Specifically, the requirement that $X_n \Rightarrow \pi$ is that (1) every recurrent state is aperiodic and (2) the Markov subchain of recurrent states is irreducible.

Your condition that $\pi_ap_{ab} = \pi_bp_{ba}$ seems to only show that $\pi$ is stationary and that every state is recurrent. That is, in order to have $X_n \Rightarrow \pi$ we'd still need conditions that the Markov chain is both aperiodic and irreducible. Intuitively, that it is irreducible is stating that there is a unique stationary distribution, and that it is aperiodic is that the Markov chain is "well-mixed".

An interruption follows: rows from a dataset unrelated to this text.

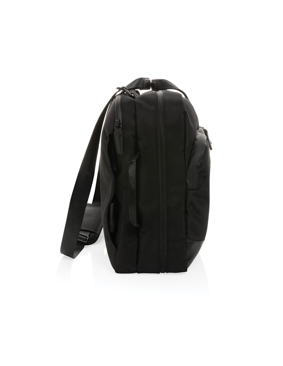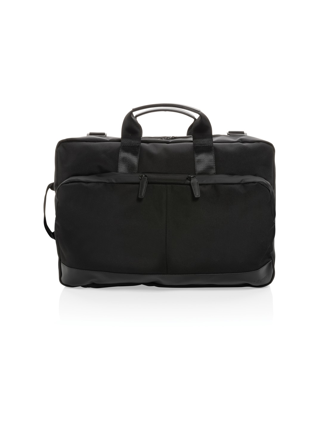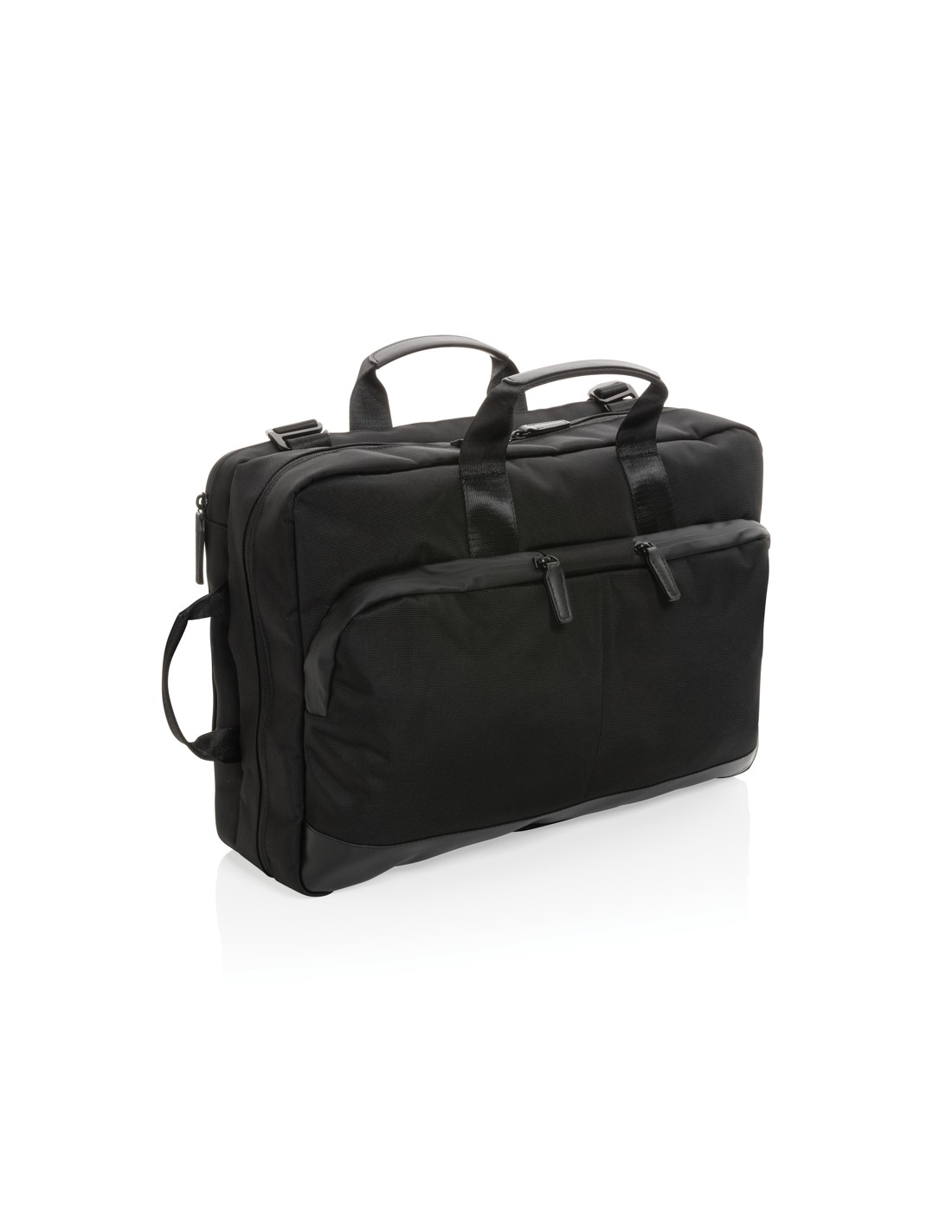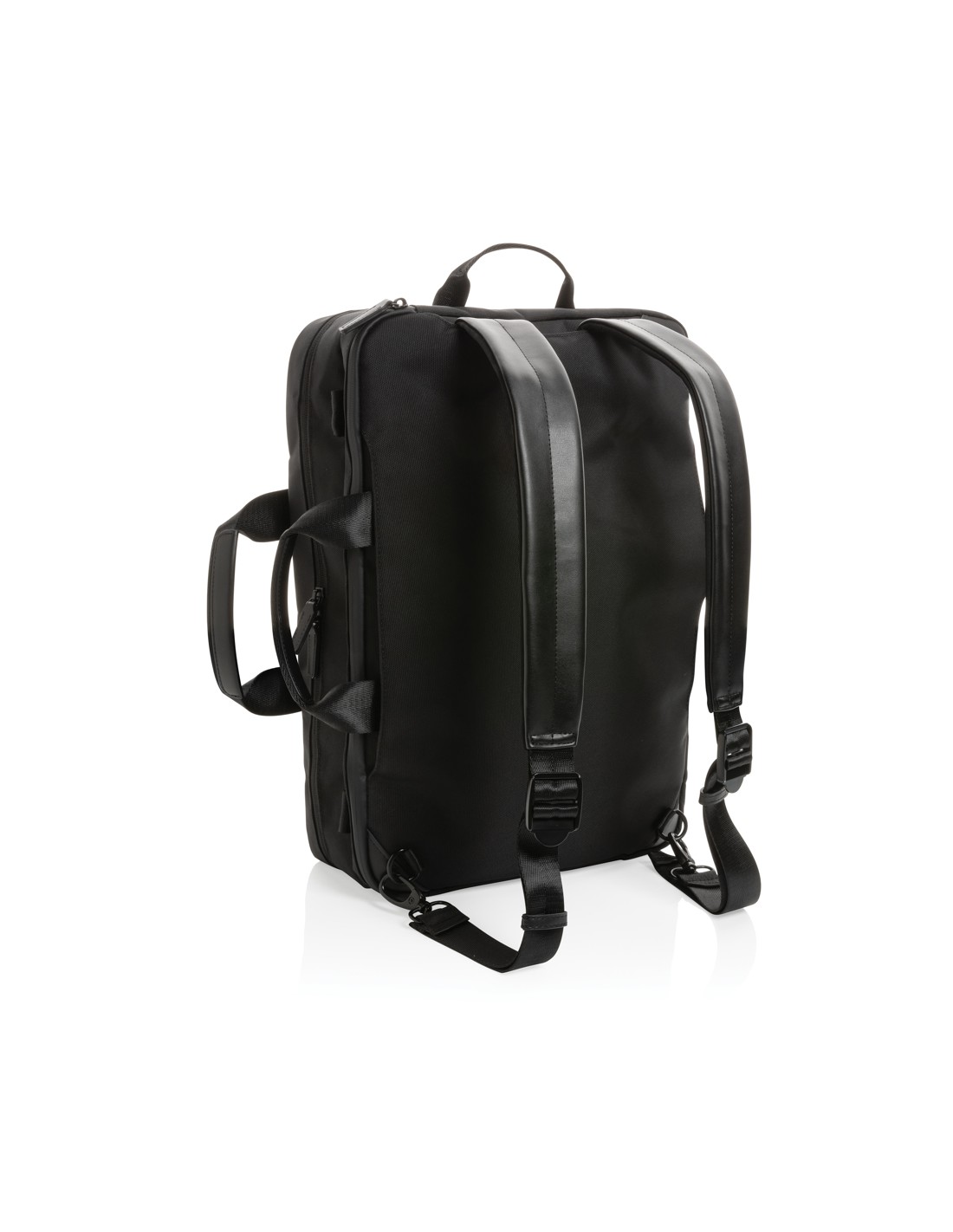 Zaino porta laptop da 15'' in poliestere 600D. Spallacci imbottiti. 1 cavo per carica USB. Patta con chiusura a calamita e tasca frontale con chiusura a zip.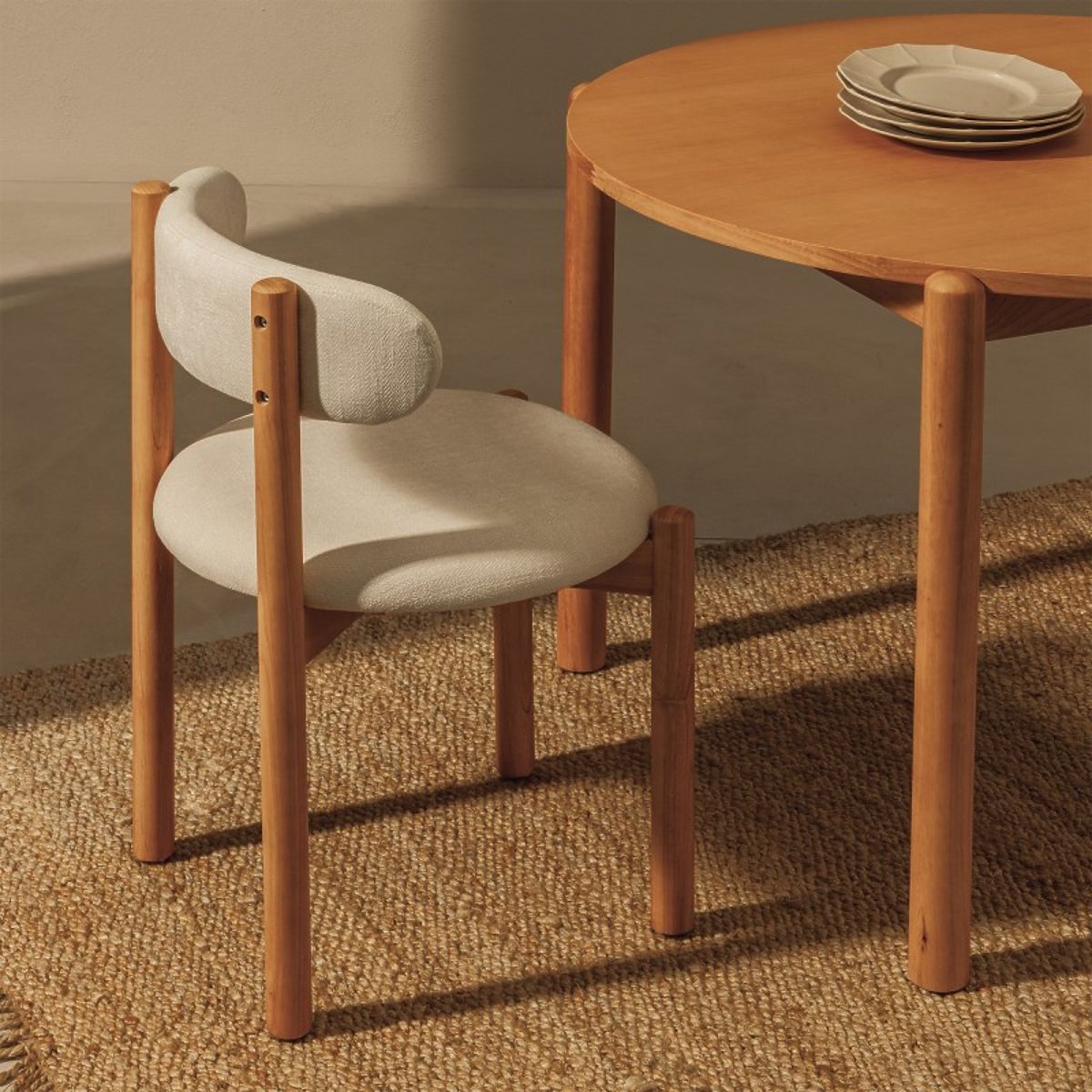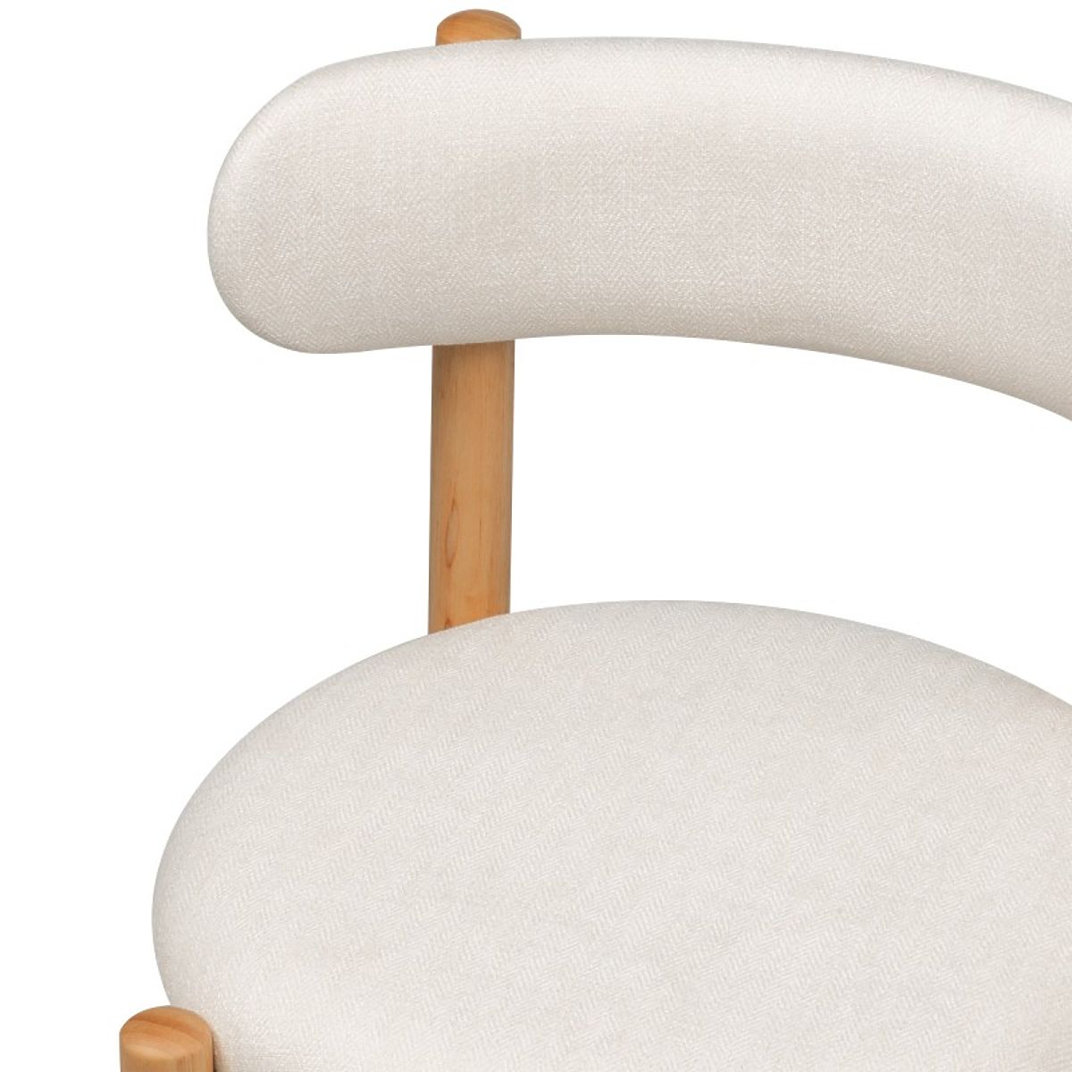 Stolička Yoko je stelesnením jemnej elegancie a nadčasového dizajnu. Okrúhle sedadlo a jemne zaoblené operadlo tvoria súdržný tvar, ktorý priťahuje pozornosť, zatiaľ čo mäkké, krémové čalúnenie dodáva jemný pôvab, prináša teplo a harmóniu do priestoru. Stabilné nohy z kaučukového dreva dodávajú prírodné čaro a zaisťujú trvanlivosť. Model Yoko je dokonalým spojením štýlu a funkčnosti, ktoré obohatí každý interiér.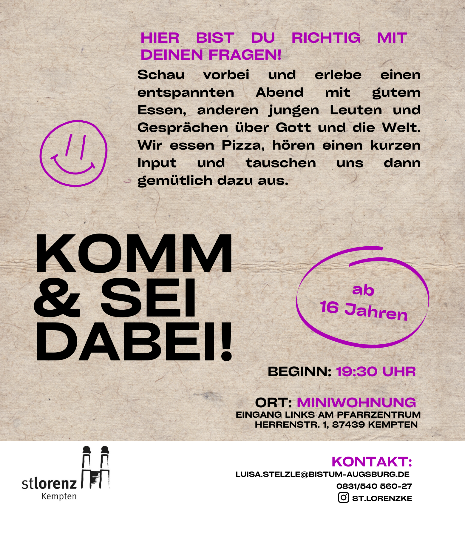 Schau vorbei und erlebe einen entspannten Abend mit gutem Essen, anderen jungen Leuten und Gesprächen über Gott und die Welt. Wir essen Pizza, hören einen kurzen Input und tauschen uns dann gemütlich aus.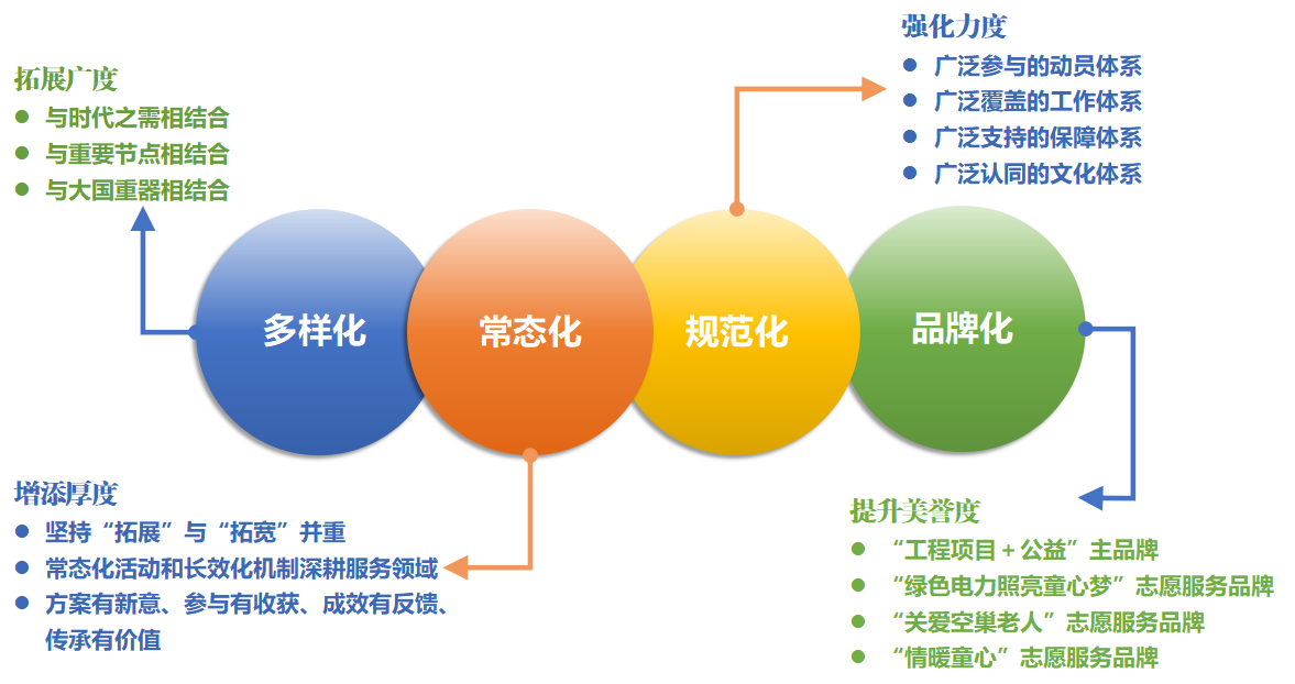 以品牌化提升美譽度。江蘇院志愿服務(wù)堅持以品牌化擴大影響力,在實踐中提煉出“工程項目+公益”主品牌和三大子品牌的“1+3”品牌矩陣。聚焦重點工程,創(chuàng)建“綠色電力照亮童心夢”服務(wù)品牌;聚焦老年群體,打造“關(guān)愛空巢老人”服務(wù)品牌;聚焦少兒群體,沉淀出“情暖童心”服務(wù)品牌。

For a couple simple examples, note that the Markov chains on states $1,2$ given by

1. $p_{12} = p_{21} = 1$ satisfies your condition for the unique $\pi_1 = \pi_2 = \frac{1}{2},$ but $X_n \not\Rightarrow \pi$ for any $X_0 \neq \pi.$
2. $p_{11} = p_{22} = 1$ satisfies your condition for $\pi_1 = t, \pi_2 = 1-t$ for any $0\leq t\leq 1,$ but again $X_n \not\Rightarrow \pi$ for any $X_0 \neq \pi$

Here, the first Markov chain wasn't aperiodic and the second wasn't irreducible.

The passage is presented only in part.